--- DATA TO PROCESS Enclosed Below ---
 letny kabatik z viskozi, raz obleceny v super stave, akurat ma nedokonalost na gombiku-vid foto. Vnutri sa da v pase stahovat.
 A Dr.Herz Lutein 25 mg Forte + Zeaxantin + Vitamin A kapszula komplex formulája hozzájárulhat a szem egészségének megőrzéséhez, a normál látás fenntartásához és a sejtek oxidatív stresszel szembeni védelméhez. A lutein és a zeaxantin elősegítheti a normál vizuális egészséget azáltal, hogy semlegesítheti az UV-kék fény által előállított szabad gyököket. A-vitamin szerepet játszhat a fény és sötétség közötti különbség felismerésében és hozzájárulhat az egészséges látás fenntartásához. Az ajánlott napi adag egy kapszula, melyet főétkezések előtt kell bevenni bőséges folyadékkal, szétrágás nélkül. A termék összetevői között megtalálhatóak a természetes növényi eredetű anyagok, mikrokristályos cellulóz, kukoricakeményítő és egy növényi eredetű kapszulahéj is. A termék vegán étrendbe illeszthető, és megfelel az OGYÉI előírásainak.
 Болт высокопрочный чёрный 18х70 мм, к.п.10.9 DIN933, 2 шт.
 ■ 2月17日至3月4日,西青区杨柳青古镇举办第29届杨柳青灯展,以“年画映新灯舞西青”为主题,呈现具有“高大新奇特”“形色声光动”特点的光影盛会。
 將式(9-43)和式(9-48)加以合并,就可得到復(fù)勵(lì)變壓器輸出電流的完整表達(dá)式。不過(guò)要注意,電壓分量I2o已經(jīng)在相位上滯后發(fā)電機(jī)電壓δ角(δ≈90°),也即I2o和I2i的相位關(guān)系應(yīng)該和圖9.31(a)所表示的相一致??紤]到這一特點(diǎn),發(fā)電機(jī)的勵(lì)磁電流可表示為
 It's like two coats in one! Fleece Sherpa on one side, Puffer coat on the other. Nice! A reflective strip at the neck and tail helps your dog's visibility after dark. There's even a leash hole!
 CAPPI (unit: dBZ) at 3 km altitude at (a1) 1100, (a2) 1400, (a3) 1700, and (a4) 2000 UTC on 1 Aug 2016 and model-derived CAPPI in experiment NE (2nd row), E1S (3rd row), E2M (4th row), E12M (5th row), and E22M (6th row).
--- End of Enclosed DATA TO PROCESS ---
--- DATA TO PROCESS Enclosed Below ---
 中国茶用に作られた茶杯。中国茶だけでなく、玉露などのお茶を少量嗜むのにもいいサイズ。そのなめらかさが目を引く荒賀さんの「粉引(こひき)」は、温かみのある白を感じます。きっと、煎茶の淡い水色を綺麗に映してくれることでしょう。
--- End of Enclosed DATA TO PROCESS ---
--- DATA TO PROCESS Enclosed Below ---
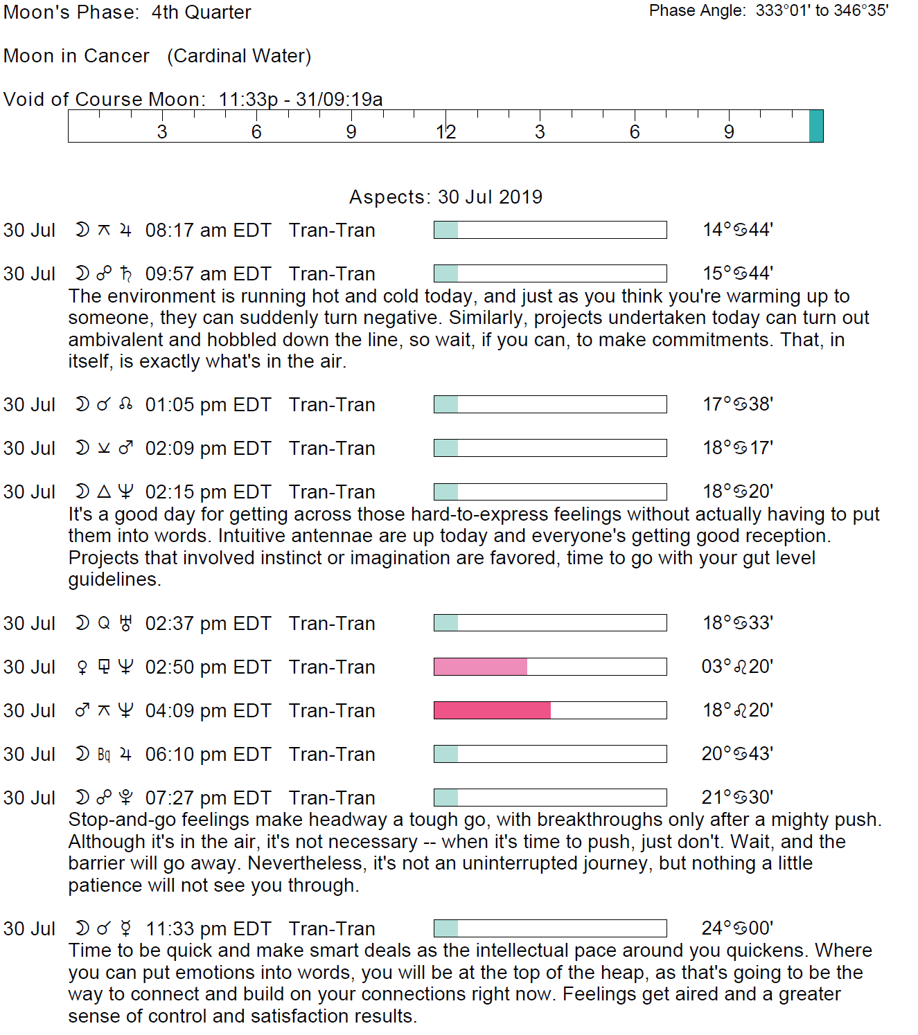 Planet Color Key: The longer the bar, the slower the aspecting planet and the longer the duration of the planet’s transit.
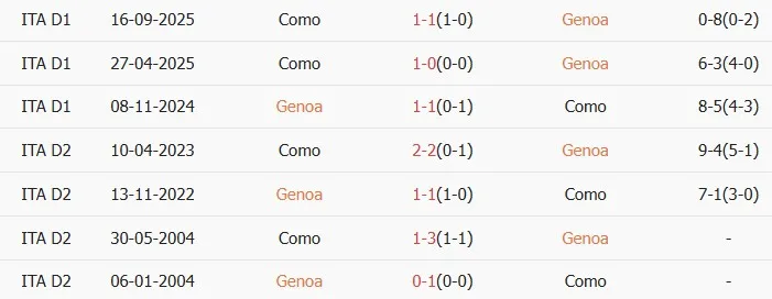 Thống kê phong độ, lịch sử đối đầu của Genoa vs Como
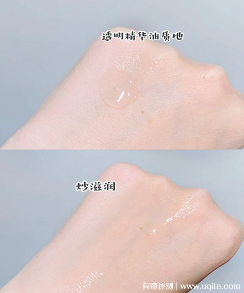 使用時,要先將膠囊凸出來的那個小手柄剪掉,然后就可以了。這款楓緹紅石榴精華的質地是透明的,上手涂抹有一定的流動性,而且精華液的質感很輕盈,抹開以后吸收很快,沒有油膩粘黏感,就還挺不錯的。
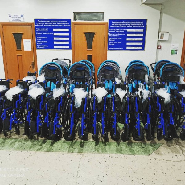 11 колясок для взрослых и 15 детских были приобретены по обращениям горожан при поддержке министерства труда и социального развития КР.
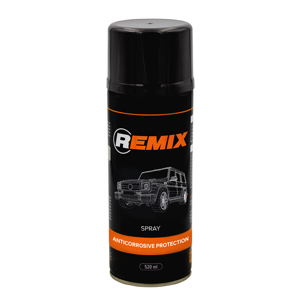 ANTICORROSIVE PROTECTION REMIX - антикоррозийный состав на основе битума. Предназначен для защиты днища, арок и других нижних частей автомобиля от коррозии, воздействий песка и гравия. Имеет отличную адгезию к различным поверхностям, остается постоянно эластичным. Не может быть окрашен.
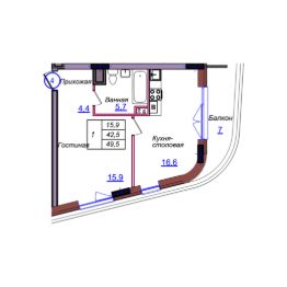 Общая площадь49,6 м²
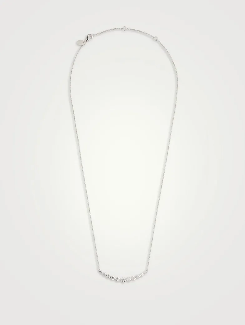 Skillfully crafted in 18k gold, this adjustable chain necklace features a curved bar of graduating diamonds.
--- End of Enclosed DATA TO PROCESS ---
Every line from the line containing "It's like two" through the line containing "CAPPI (unit: dBZ)" in the records above must be retyped exactly. Leave out the rest.

 It's like two coats in one! Fleece Sherpa on one side, Puffer coat on the other. Nice! A reflective strip at the neck and tail helps your dog's visibility after dark. There's even a leash hole!
 CAPPI (unit: dBZ) at 3 km altitude at (a1) 1100, (a2) 1400, (a3) 1700, and (a4) 2000 UTC on 1 Aug 2016 and model-derived CAPPI in experiment NE (2nd row), E1S (3rd row), E2M (4th row), E12M (5th row), and E22M (6th row).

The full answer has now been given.